There’s way too much Monday morning quarterbacking going on in Boston these days. It needs to stop.
Now that the Red Sox closer’s role has become somewhat of a revolving door, the cries for Jonathan Papelbon grow louder and louder each game. On Saturday, even Papelbon himself probably heard the shouts when he took the mound in Arizona. At the very least, his ears were ringing. But while Papelbon would undoubtedly be a perfect closer for the 2013 edition of the Red Sox, we shouldn’t get too caught up in this whole revisionist history thing.

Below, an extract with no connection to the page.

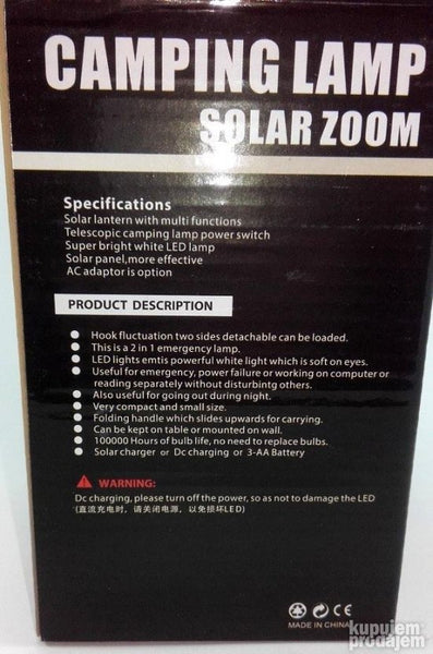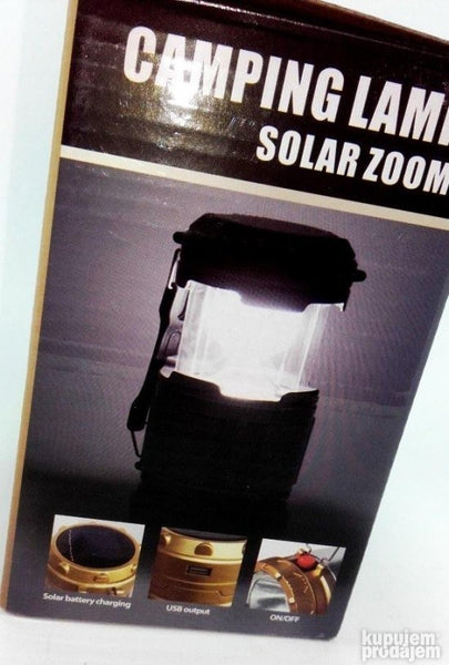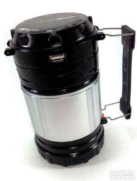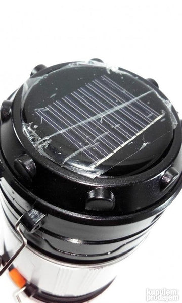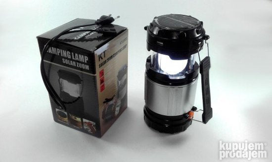 Klasicna kamp fenjer lampa. Kada se skine gornji solarni panel dobija se i baterijska lampa sa led diodama.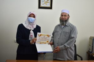 قام قسم الكيمياء بتنظيم احتفالية تكريم للسيد / منصور فؤاد عبدالظاهر – كبيرامناء معامل قسم الكيمياء بمناسبة بلوغه سن المعاش صرح بذلك أ.د/ حازم المشنب – عميد الكلية. كما اوضحت أ.د/ لبنى عبدالمحسن عبيد – رئيس قسم الكيمياء بان تنظيم الاحتفالية ياتى فى اطار دعم و تعزيز الروابط الاجتماعية بين منسوبى القسم و تكريما لعطاء الأستاذ منصور الذى امتد على مدار عشرات السنوات و اسهم فى دعم العملية التعليمية بالقسم. و قد حضر الاحتفالية لفيف من السادة أعضاء هيئة التدريس و الهيئة المعاونة و العاملين بالقسم كما شارك ايضا فى الأحتفالية كلا الأستاذ/ محمد نصر مدير عام إدارة الموارد البشرية بالجامعة و الأستاذ/ أحمد العارف عضو نقابة العاملين بالجامعة

The skepticism about the future of the ninth inning in Boston is warranted. With Joel Hanrahan done for the season, Andrew Bailey battling an injury issue and Junichi Tazawa having given up runs in back-to-back outings since being named the temporary closer, the Red Sox don’t have the stability they had during Papelbon’s six-year stint in Boston. Don’t criticize the Red Sox for not re-signing Papelbon prior to the 2012 season, though. It was the right decision at the time.

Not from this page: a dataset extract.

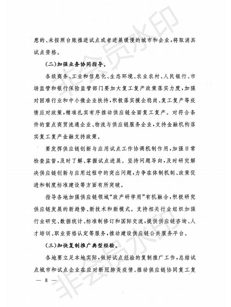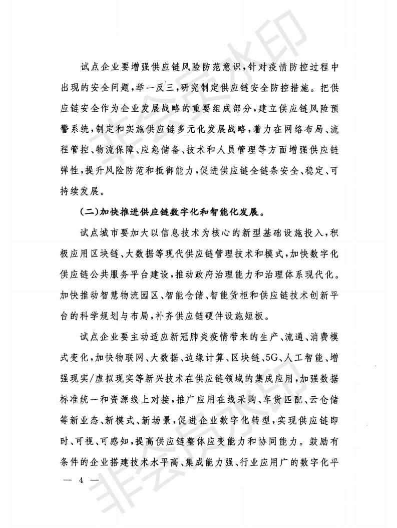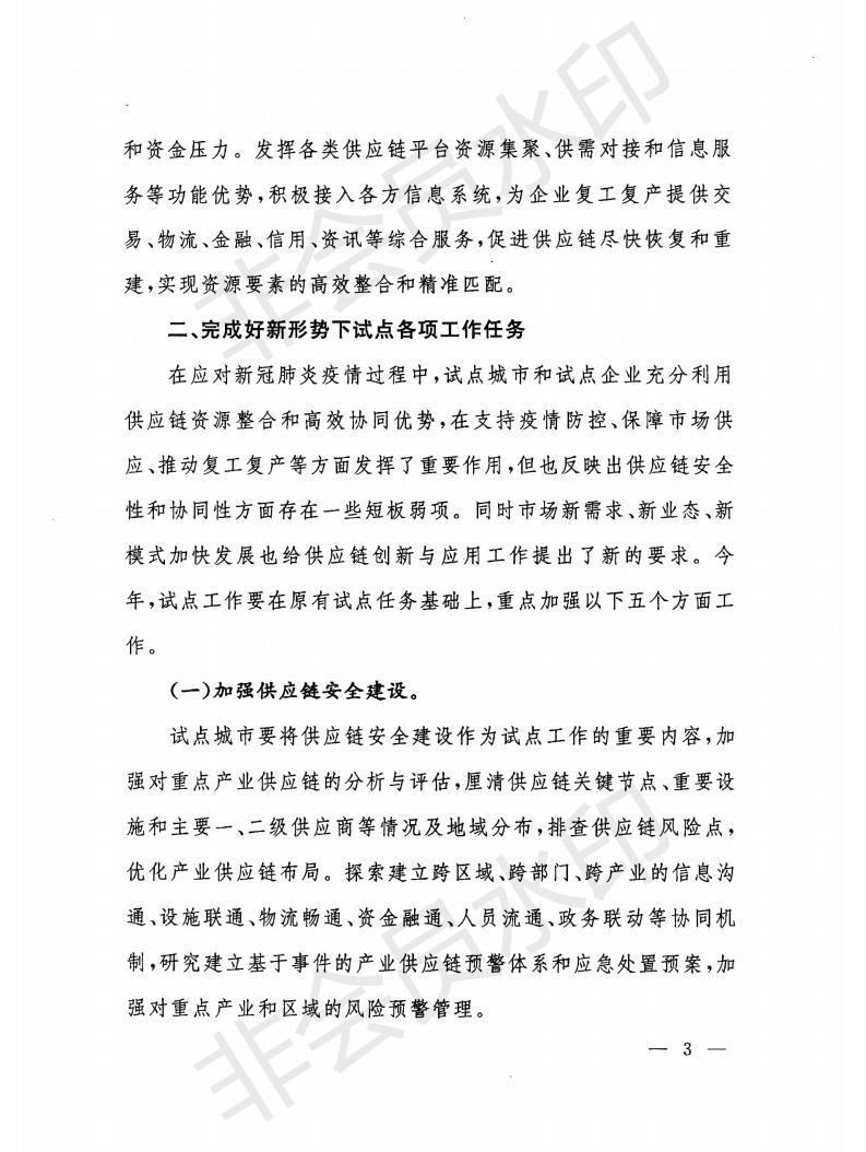 通知指出,為認(rèn)真貫徹落實(shí)打贏脫貧攻堅戰(zhàn)、全面建成小康社會重大戰(zhàn)略部署和堅持在常態(tài)化疫情防控中加快推進(jìn)生產(chǎn)生活秩序全面恢復(fù)相關(guān)要求,針對供應(yīng)鏈安全性和協(xié)同性方面存在的短板弱項(xiàng),積極應(yīng)對市場新需求、新業(yè)態(tài)、新模式加快發(fā)展給供應(yīng)鏈創(chuàng)新與應(yīng)用工作提出的新要求,要在原有試點(diǎn)任務(wù)基礎(chǔ)上,重點(diǎn)做好加強(qiáng)供應(yīng)鏈安全建設(shè)、加快推進(jìn)供應(yīng)鏈數(shù)字化和智能化發(fā)展、促進(jìn)穩(wěn)定全球供應(yīng)鏈、助力決戰(zhàn)決勝脫貧攻堅和充分利用供應(yīng)鏈金融服務(wù)實(shí)體企業(yè)等五個方面工作。

Saying nowadays that the Red Sox should have re-signed Papelbon is like saying, “I should have stayed at a different hotel,” following an unpleasant stay or, “I shouldn’t have parked here,” after someone rams a shopping carriage into your passenger’s side door. Well, yeah, but staying at that hotel and parking in that spot made perfect sense.
When the Phillies signed Papelbon to a four-year, $50 million contract, there were plenty of Red Sox fans — probably the majority of Sox fans, in fact — willing to pack Papelbon’s bags. Overpaying for closers is something that’s extremely hard to justify, and as good as Papelbon was in Boston, he was overpaid by Philadelphia.
Papelbon had a down year in 2010, so he wasn’t without red flags, and plenty of teams have shelled out big money to big name closers, only to then regret the decision before long. Do B.J. Ryan (four years, $47 million), Francisco Rodriguez (three years, $37 million), Brad Lidge (three years, $37.5 million) and Kerry Wood (two years, $20.5 million) ring a bell?
It’s not as if the Red Sox haven’t been aggressive in their search for Papelbon’s successor, either. Signing Bobby Jenks — you need a puke bucket? — and acquiring Bailey and Hanrahan were all bold moves aimed at filling the closer’s role with a proven, yet cost-efficient option. Such an approach has worked for other teams. It just hasn’t worked out for the Red Sox thus far, mainly because of injuries.
Knowing what we know now — that the Red Sox, struggling to find ninth-inning stability, saved less than $2 million by going the route they did — it’s easy to reminisce about how things used to be. It’s not worth getting frustrated about, though, because it’s difficult to fault the Red Sox’ original decision.
All we can do in life is make decisions based on the information available. Hindsight will always be 20/20, and in sports, it’s usually even clearer than that.